July 6, 2021•434 words
What do we experience when we feel lonely?
I have been on the road for weeks now. This has led me to experience something people may call lonely if I understand what the concept of Lonely really means.
I think I am spoilt and cannot really understand true loneliness. I have been happily married for over 20 years and I do have friends. Therein may be part of the issue. I spent tonight feeling disconnected and on FB chat contacted people I had not chatted to much or in a long time. I felt the need to talk about anything disconnected from my life.
One issue here is most of those I end up chatting to are people who see me as their resource. They talk to me about their issues. The relationships are skewed in those terms. I am not feeling that I need to talk to someone about any issues, I do not really feel I have any issue worth talking about. I could do with those "getting to know you" type chats you get when you make new friends. Could this be in essence be something lacking in my character? Is this an emotion that passes or is this approaching loneliness?

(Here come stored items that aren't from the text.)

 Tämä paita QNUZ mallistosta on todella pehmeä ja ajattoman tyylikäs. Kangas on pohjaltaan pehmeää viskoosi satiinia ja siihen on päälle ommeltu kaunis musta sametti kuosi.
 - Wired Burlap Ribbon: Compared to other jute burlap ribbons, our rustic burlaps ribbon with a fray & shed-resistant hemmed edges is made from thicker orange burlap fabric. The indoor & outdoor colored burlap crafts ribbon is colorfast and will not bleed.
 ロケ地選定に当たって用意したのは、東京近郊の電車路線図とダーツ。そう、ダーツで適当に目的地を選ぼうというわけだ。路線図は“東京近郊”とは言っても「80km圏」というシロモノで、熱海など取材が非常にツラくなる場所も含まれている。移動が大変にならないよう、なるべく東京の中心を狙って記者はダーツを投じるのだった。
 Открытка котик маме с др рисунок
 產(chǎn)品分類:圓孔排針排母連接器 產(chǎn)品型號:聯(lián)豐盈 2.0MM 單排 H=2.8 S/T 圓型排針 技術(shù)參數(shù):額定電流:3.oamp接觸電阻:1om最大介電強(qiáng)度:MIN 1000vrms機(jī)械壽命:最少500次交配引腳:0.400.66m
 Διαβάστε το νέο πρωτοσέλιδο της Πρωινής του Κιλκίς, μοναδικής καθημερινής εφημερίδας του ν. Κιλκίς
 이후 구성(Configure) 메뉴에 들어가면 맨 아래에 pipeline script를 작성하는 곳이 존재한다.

One of the outcomes of the social media age is us not connecting on that depth and all of us seeming to be competing with how good our photos are of our experiences so others can be jealous. As you can probably tell I do not use Social media much however last night I did look at my FB feed - first time in months, this almost led me to connect to someone who would be yet another drain on my energy.
This leads me to reflectively look at how I process these experiences and who it is good for me to spend time with.

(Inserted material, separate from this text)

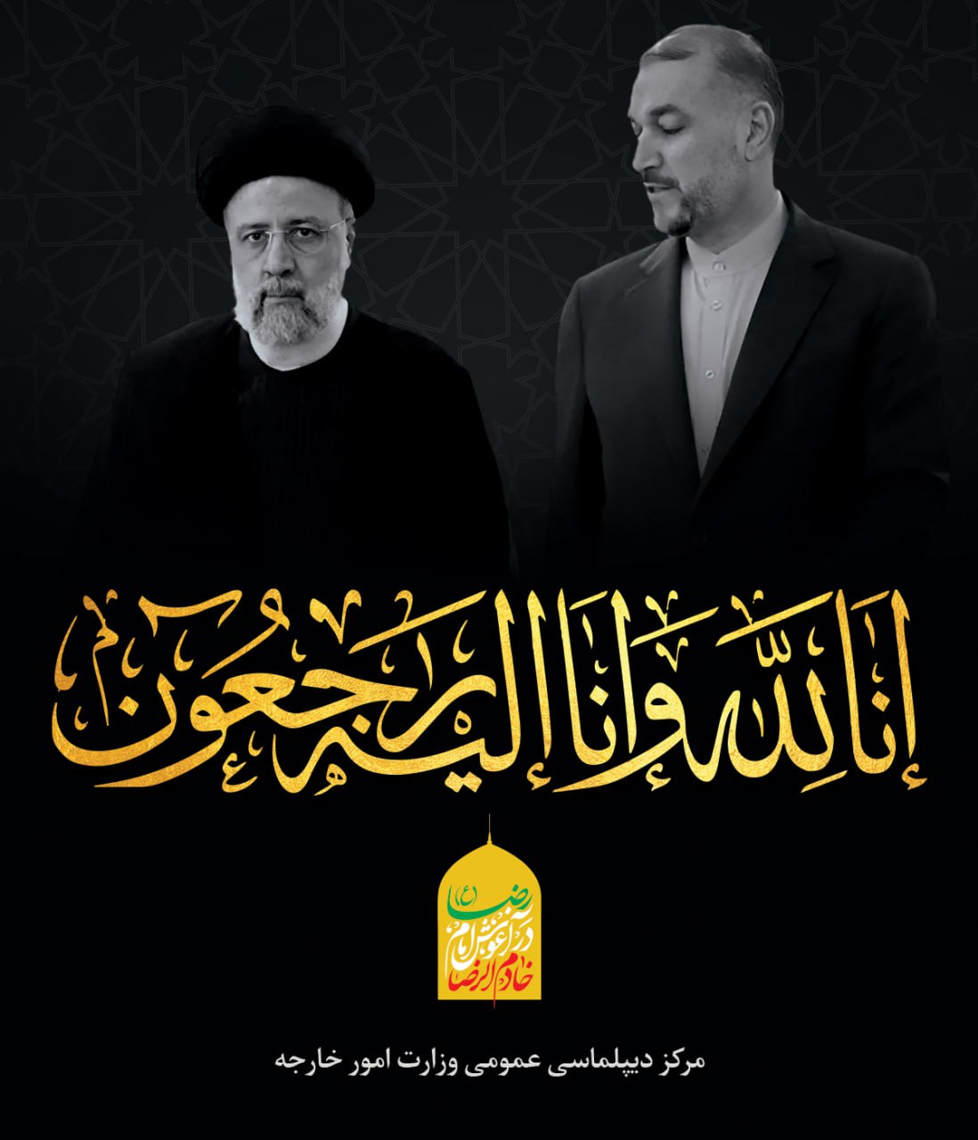 وزارت امور خارجه جمهوری اسلامی ایران برای ارواح بلند رئیس جمهور، وزیر امور خارجه و همراهان شهید آنان علو درجات نزد خدای سبحان و برای خانوادههای محترم آنان صبر و شکیبائی مسئلت مینماید.

Who's a resource and who is a drain??
Do I get something out of assisting those in need? Does this fulfill a need I have?

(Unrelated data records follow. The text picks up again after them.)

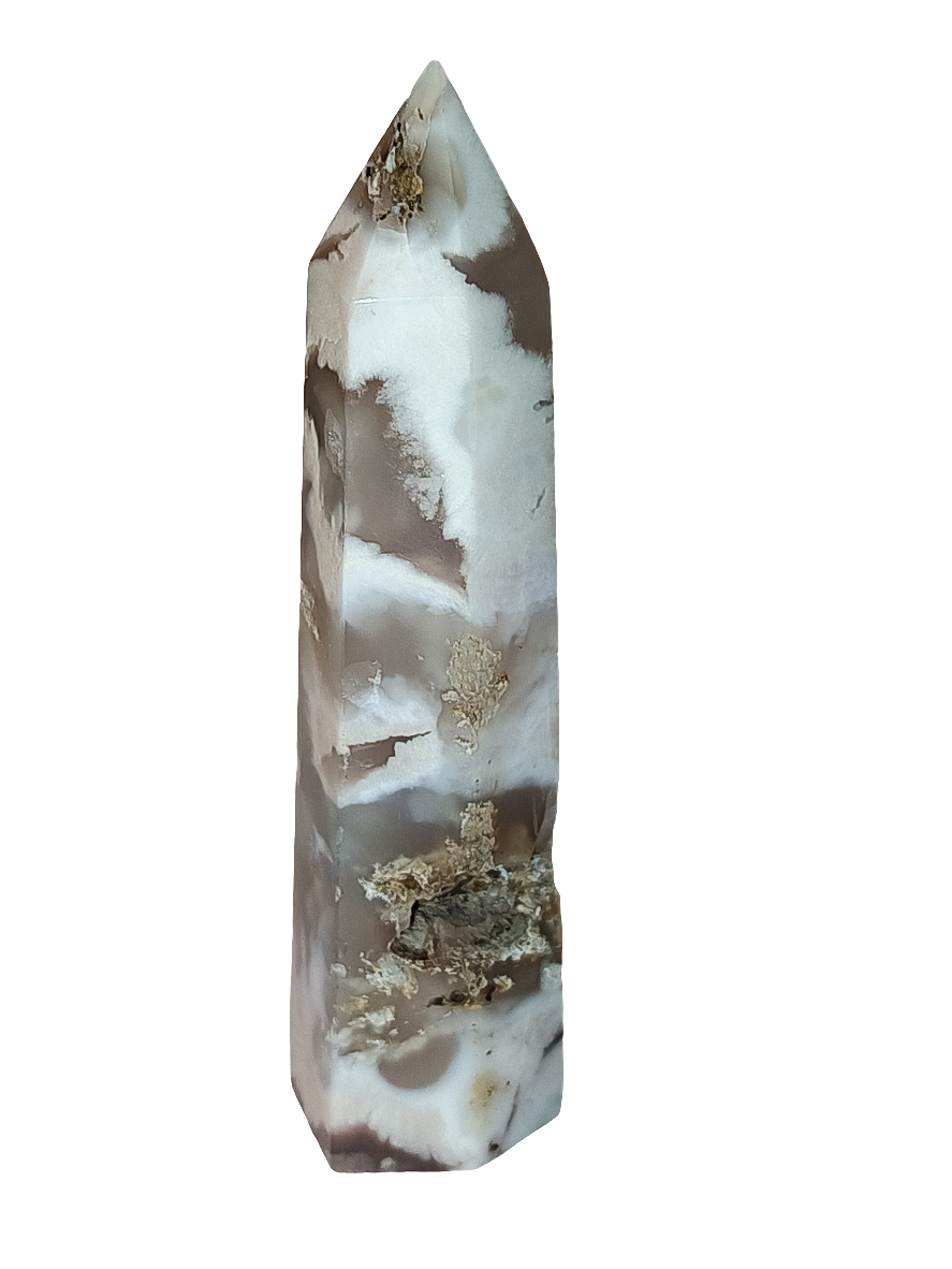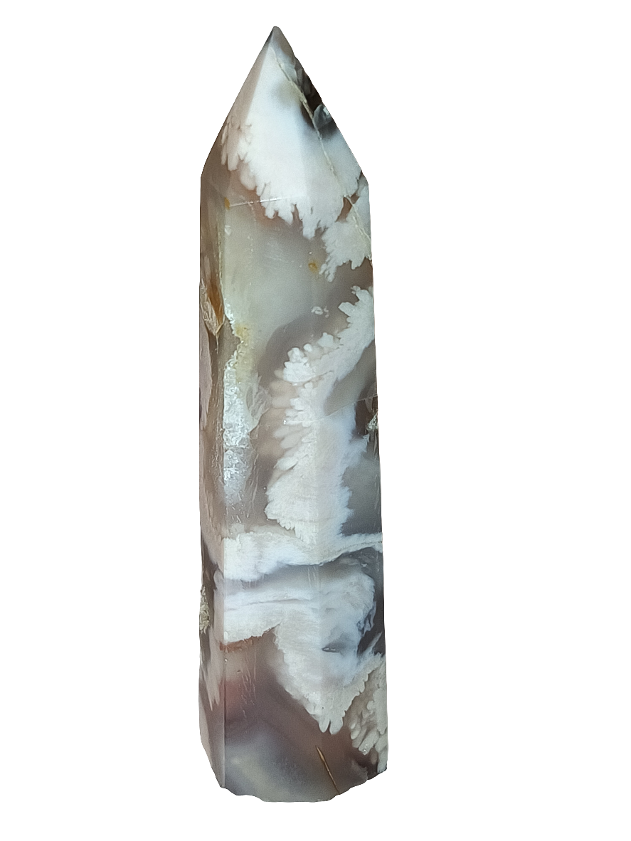 The Flower Agate Point is a powerful healing stone that works on all chakras to balance the mind, body, and spirit. It removes negative energy, allowing positive energy to flow and aiding in emotional healing. Use it during meditation to restore hope and enthusiasm.
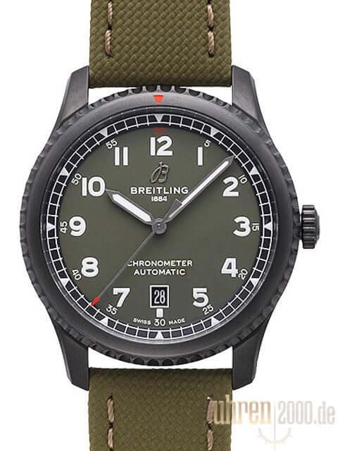 Gehäuse aus Edelstahl schwarz beschichtet, Gehäusedurchmesser 41 mm, Gehäusehöhe 10,74 mm, drehbare Edelstahl Lünette schwarz beschichtet mit Rechenschieber, grünes Militärarmband mit Dornschließe, grünes Zifferblatt mit aufgesetzten Leuchtziffern, Leuchtzeiger, Automatik, Kaliber Breitling 17, 25 Steine, 28.800 A/h, Gangreserve ca. 40 Stunden, Datum, Chronometer, Zentralsekunde, Saphirglas, Edelstahlboden verschraubt, Wasserdicht bis zu 10 bar.
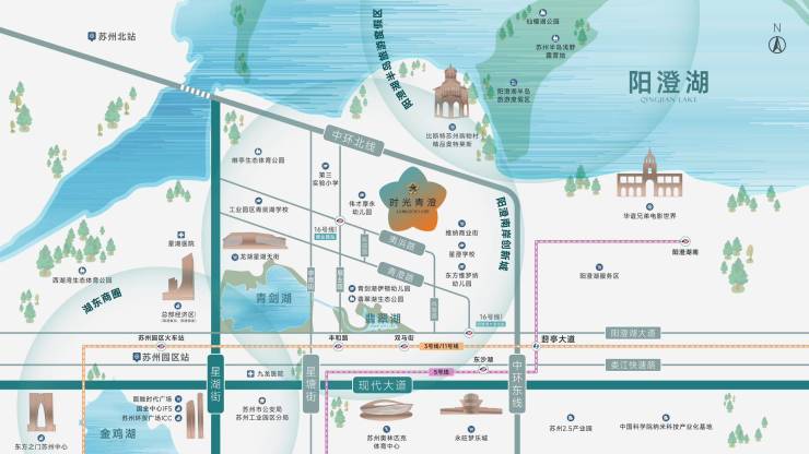 未来换乘地铁16号线(规划) 将在此设站,串联园区南北

I was chatting online with a friend earlier who asked to call as she has an issue she is working through on chat with me. This led to a conversation but again it was all about her point. Now I did help and I am always happy to help - indeed this is a good friendship which I get a lot from.
What is it I need? Is this me being a whinny child? Many many people went through much much more discomfort through lockdown and their normal pre COVID lives.
Is this lonliness? Will retail therapy assist me?